> [Task directions]: Set the listing down again in full, word for word, with the pictures left out.

> [Collected data]:
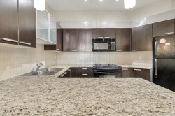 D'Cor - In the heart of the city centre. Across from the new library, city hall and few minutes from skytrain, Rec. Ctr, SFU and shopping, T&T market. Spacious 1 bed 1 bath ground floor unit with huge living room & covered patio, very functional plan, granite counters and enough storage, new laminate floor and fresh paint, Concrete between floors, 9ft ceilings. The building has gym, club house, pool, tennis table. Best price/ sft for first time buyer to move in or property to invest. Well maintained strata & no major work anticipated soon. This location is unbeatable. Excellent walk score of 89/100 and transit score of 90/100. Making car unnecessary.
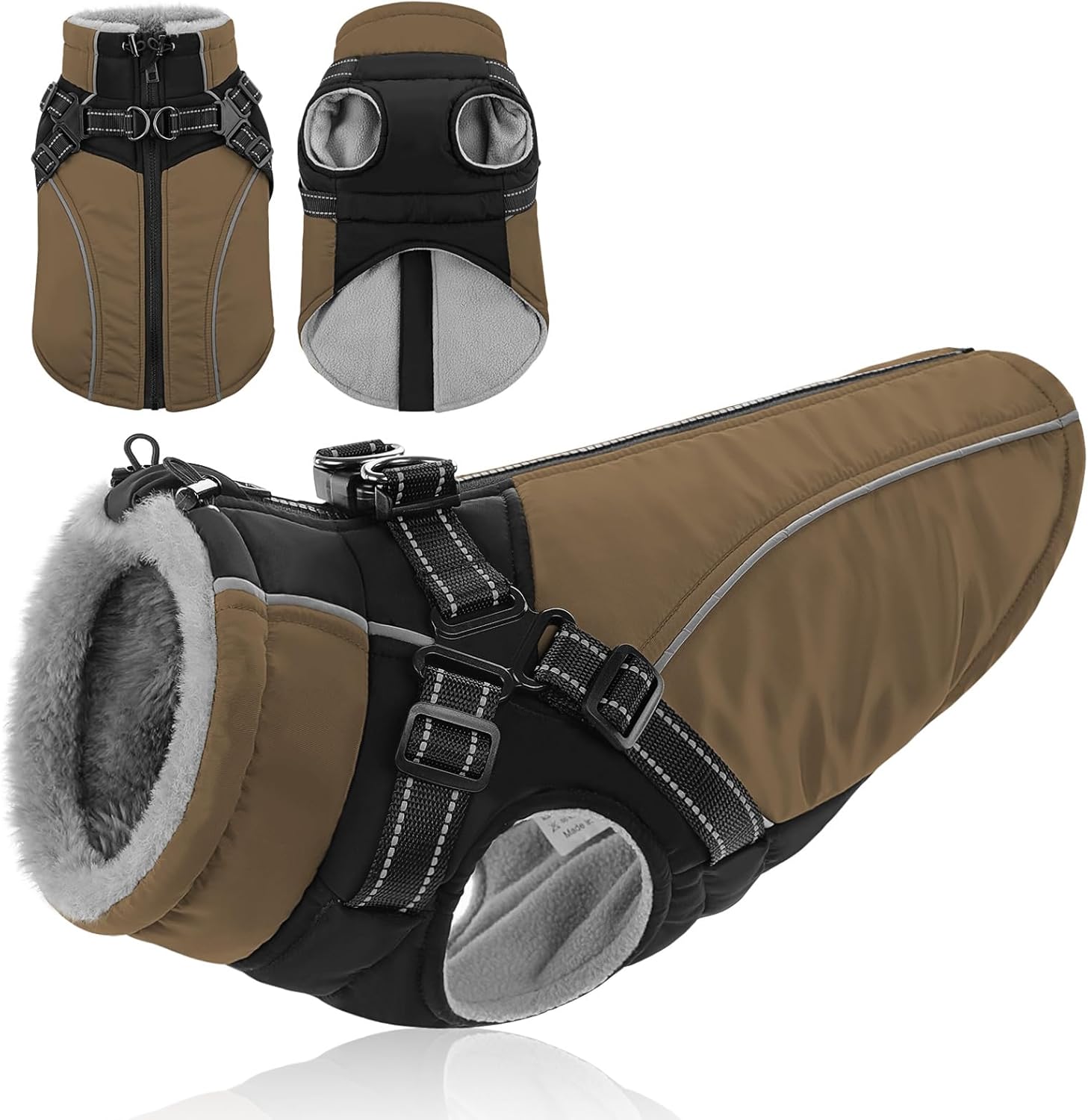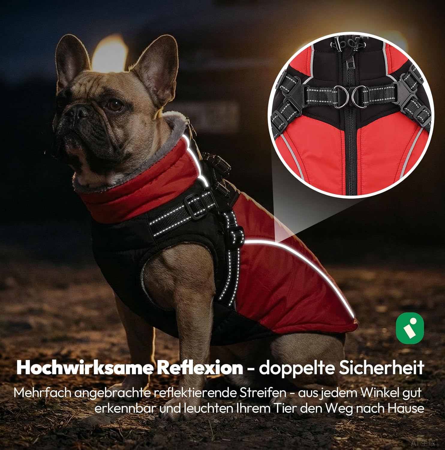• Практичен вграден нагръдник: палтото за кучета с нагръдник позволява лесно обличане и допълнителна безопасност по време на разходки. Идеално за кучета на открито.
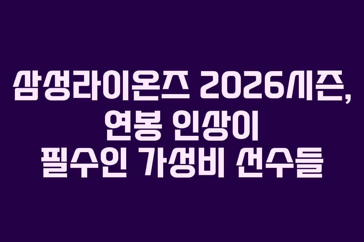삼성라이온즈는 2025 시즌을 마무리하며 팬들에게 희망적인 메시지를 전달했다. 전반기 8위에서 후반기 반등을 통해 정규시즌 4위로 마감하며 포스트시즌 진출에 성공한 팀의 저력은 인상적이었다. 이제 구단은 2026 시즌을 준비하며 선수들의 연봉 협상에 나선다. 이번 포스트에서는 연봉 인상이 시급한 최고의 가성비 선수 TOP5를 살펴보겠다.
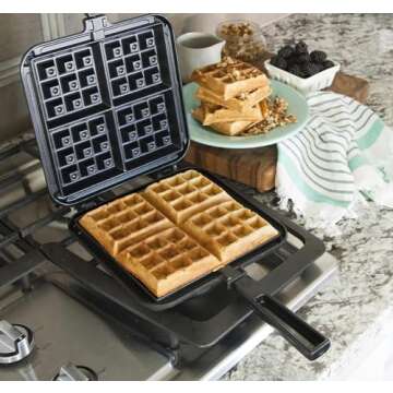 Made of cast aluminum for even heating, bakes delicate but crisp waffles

> [Your response]:
 D'Cor - In the heart of the city centre. Across from the new library, city hall and few minutes from skytrain, Rec. Ctr, SFU and shopping, T&T market. Spacious 1 bed 1 bath ground floor unit with huge living room & covered patio, very functional plan, granite counters and enough storage, new laminate floor and fresh paint, Concrete between floors, 9ft ceilings. The building has gym, club house, pool, tennis table. Best price/ sft for first time buyer to move in or property to invest. Well maintained strata & no major work anticipated soon. This location is unbeatable. Excellent walk score of 89/100 and transit score of 90/100. Making car unnecessary.
• Практичен вграден нагръдник: палтото за кучета с нагръдник позволява лесно обличане и допълнителна безопасност по време на разходки. Идеално за кучета на открито.
삼성라이온즈는 2025 시즌을 마무리하며 팬들에게 희망적인 메시지를 전달했다. 전반기 8위에서 후반기 반등을 통해 정규시즌 4위로 마감하며 포스트시즌 진출에 성공한 팀의 저력은 인상적이었다. 이제 구단은 2026 시즌을 준비하며 선수들의 연봉 협상에 나선다. 이번 포스트에서는 연봉 인상이 시급한 최고의 가성비 선수 TOP5를 살펴보겠다.
 Made of cast aluminum for even heating, bakes delicate but crisp waffles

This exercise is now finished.